## Work required
Print the line containing "Нормативная, или морально-правовая" and all lines after it, unchanged, through the end of the data. Leave the pictures out.
Collected material below:
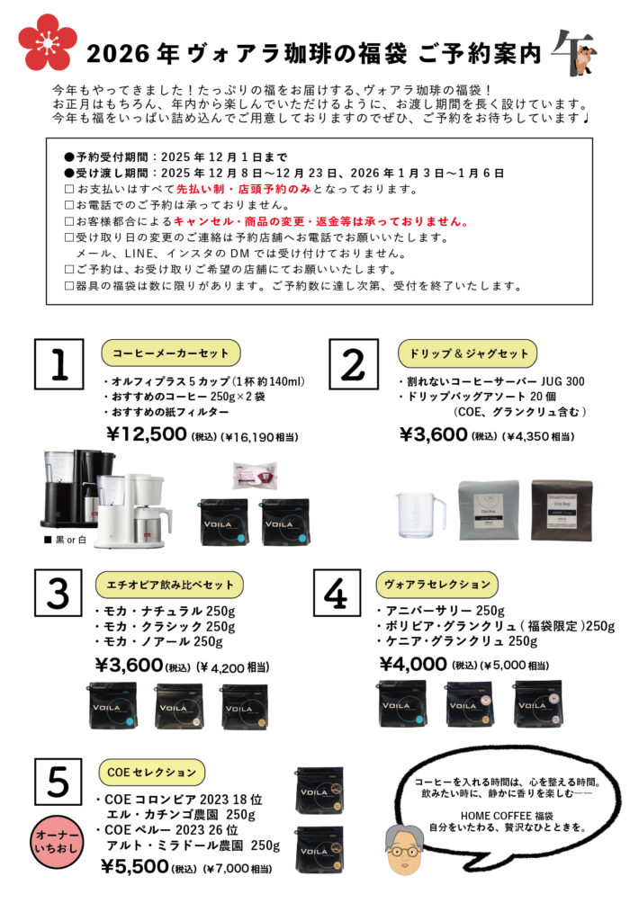 NEWSreleaseお知らせ NEWS ヴォアラ珈琲福袋2026(店頭販売分) NEWS 2025.10.24 up Tweet CATEGORY ワークショップ・イベント 取扱い商品 店舗からのお知らせ 全店 霧島国分本店 天文館店 ドルフィンポート店 谷山店 採用情報 PREV BACK
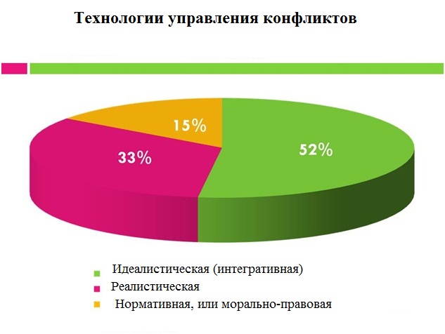 Нормативная, или морально-правовая технология, способствует использование в решение конфликтов правовых инструментов и уставу компании (нормы поведения). Конфликт рассматривается в правовом поле, поэтому решения конфликта в первую очередь зависит от нарушения правил и норм поведения конфликтующих сторон (проигрыш-проигрыш). Реалистическая технология использует авторитарные методы управления конфликтом, используя методы доминирования и силы в своих интересах (выигрыш-проигрыш).
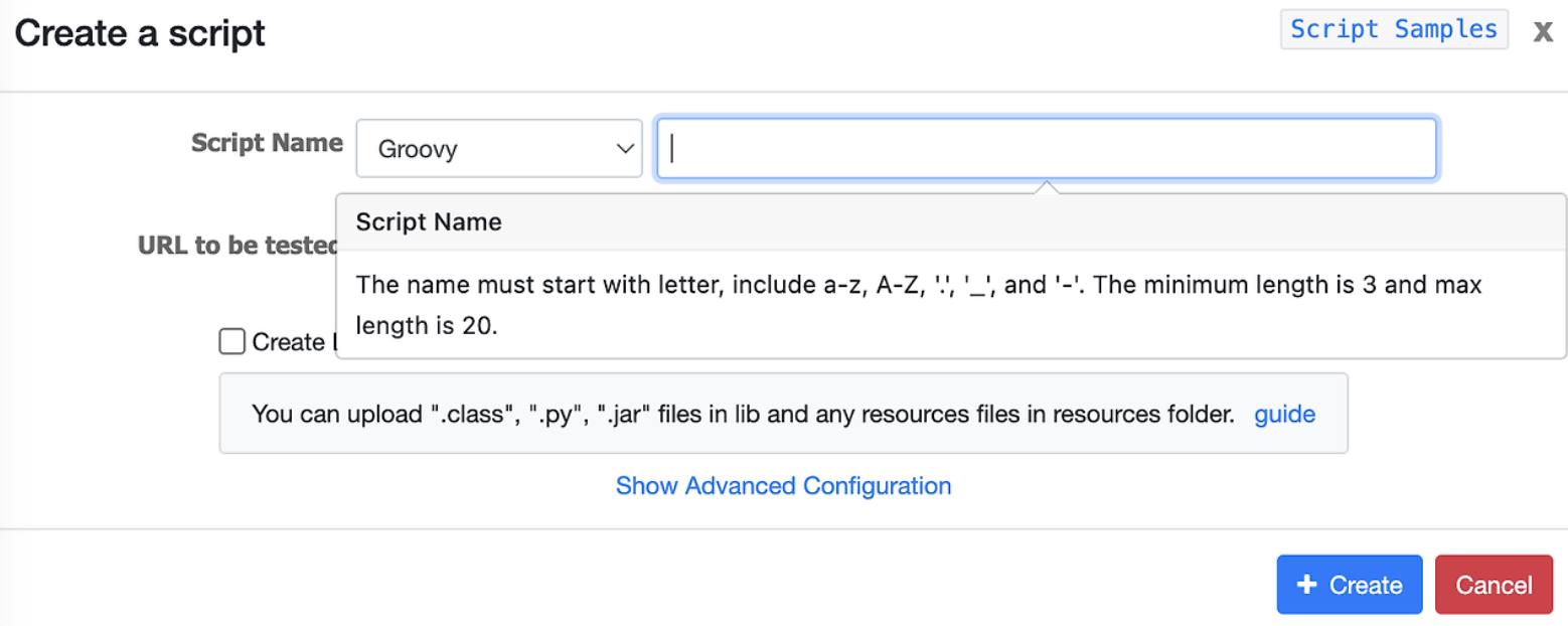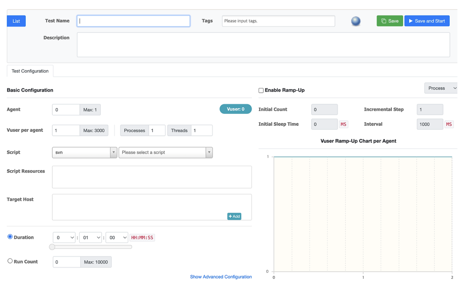 이후 Performance Test에서 Create Test 를 누르면 셋팅할 수 있는 화면을 보여준다.
End of Collected material.
## Written response
 Нормативная, или морально-правовая технология, способствует использование в решение конфликтов правовых инструментов и уставу компании (нормы поведения). Конфликт рассматривается в правовом поле, поэтому решения конфликта в первую очередь зависит от нарушения правил и норм поведения конфликтующих сторон (проигрыш-проигрыш). Реалистическая технология использует авторитарные методы управления конфликтом, используя методы доминирования и силы в своих интересах (выигрыш-проигрыш).
 이후 Performance Test에서 Create Test 를 누르면 셋팅할 수 있는 화면을 보여준다.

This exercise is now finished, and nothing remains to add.